On Tuesday 12 April 2005 22:36, Patrick R. Michaud wrote:
> On Tue, Apr 12, 2005 at 09:15:13PM -0400, John Macdonald wrote:
> > On Tuesday 12 April 2005 20:45, Darren Duncan wrote:
> > > At 8:27 PM -0400 4/12/05, John Macdonald wrote:
> > > >The mathematical definition of xor for two arguments is "true if
> > > >exactly one argument is true, false otherwise".
> > >
> > > Yes.
> > >
> > > >When that gets
> > > >generalized to multiple arguments it means "true if an odd number
> > > >of the arguments are true, false otherwise".
> > >
> > > Is this the official mathematics position?
> >
> > It's simply chaining a series of 2-arg xor's together. As it happens, the
> > result of such chaining comes out as "odd number true" and has the nice
> > properties of being commutative [a xor b === b xor a] and associative
> > [((a xor b) xor c) === (a xor (b xor c))].
>
> It's entirely possible that I have my mathematics messed up here,
> but C<xor> doesn't seem to me to be entirely associative, at least not
> as I commonly think of associativity. Consider
>
> $x = (((0 xor 2) xor 4) xor 6); # ((a xor b) xor c) == 6
>
> $y = ((0 xor 2) xor (4 xor 6)); # (a xor (b xor c)) == 2
You're both messed up your math and you've mixed the boolean
xor function up with the extension of it to an array of bits that is used
for integer xor. When you xor integers, you are really xor'ing each
of the bit positions in the integers in parallel, using the boolean xor
function for each bit independently.
You can see the same boolean/integer difference in perl5 with:
(4&2) is 0
(4&&2) is 4
Meanwhile, with your example (using integer xor):
(((0 xor 2) xor 4) xor 6)
is ((2 xor 4) xor 6)
is (6 xor 6)
is 0
((0 xor 2) xor (4 xor 6))
is (2 xor (4 xor 6))
is (2 xor 2)
is 0
The same example, using boolean xor:
(((0 xor 2) xor 4) xor 6)
--> (((false xor true) xor true) xor true)
--> ((true xor true) xor true)
--> (false xor true)
--> true
((0 xor 2) xor (4 xor 6))
--> ((false xor true) xor (true xor true))

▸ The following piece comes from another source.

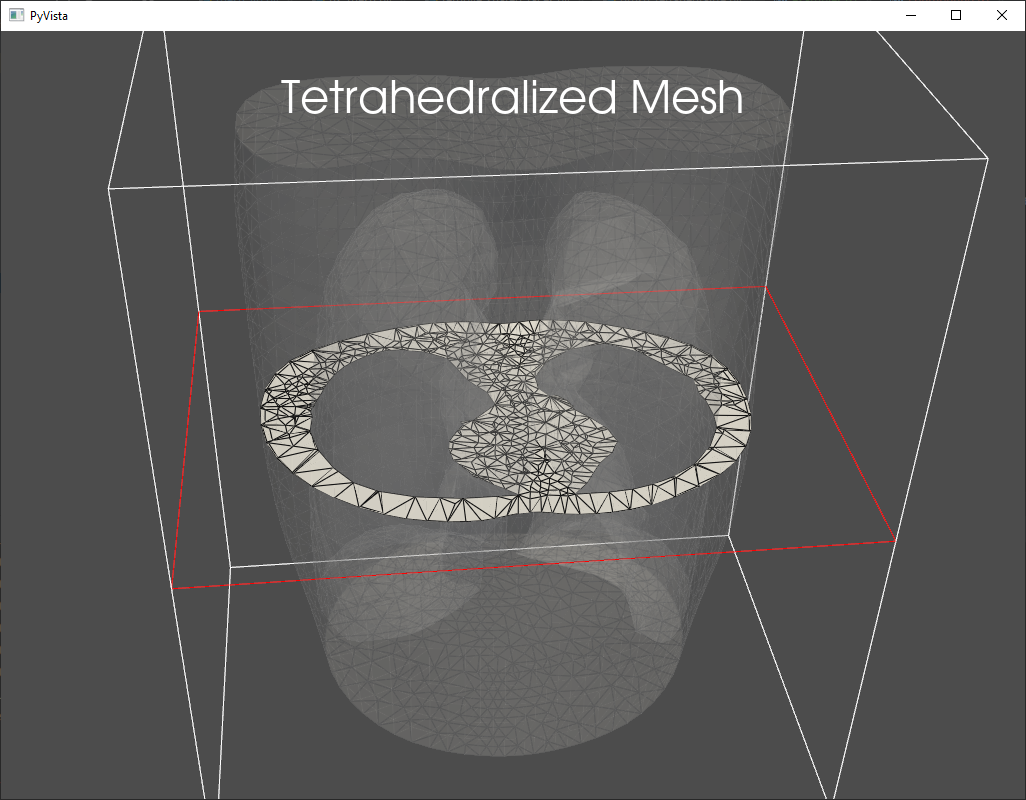 The inner tetrahedralized meshes are combined with the outer to generate the final result.

--> (true xor (true xor true))
--> (true xor false)
--> true
While boolean xor and integer xor give different results (just as boolean
and integer AND gave different results in my example above) they are
both perfectly associative.
The issue for perl, in the boolean xor case, is which particular true value
will be returned (I'd prefer 6 my self, simply by not changing the numbers
to true and false, but rather leaving them as their numerical values and then
having xor return the non-false value if there is exactly one, or returning
0 otherwise. However, *that* interpretation reduces the associativity
because adding parentheses can change which component value is returned
for a true result as shown by your example:
(((0 xor 2) xor 4) xor 6)
--> ((2 xor 4) xor 6)
--> (0 xor 6)
--> 6
((0 xor 2) xor (4 xor 6))
--> (2 xor (4 xor 6))
--> (2 xor 0)
--> 2
Both return a true value, but it is a different true value.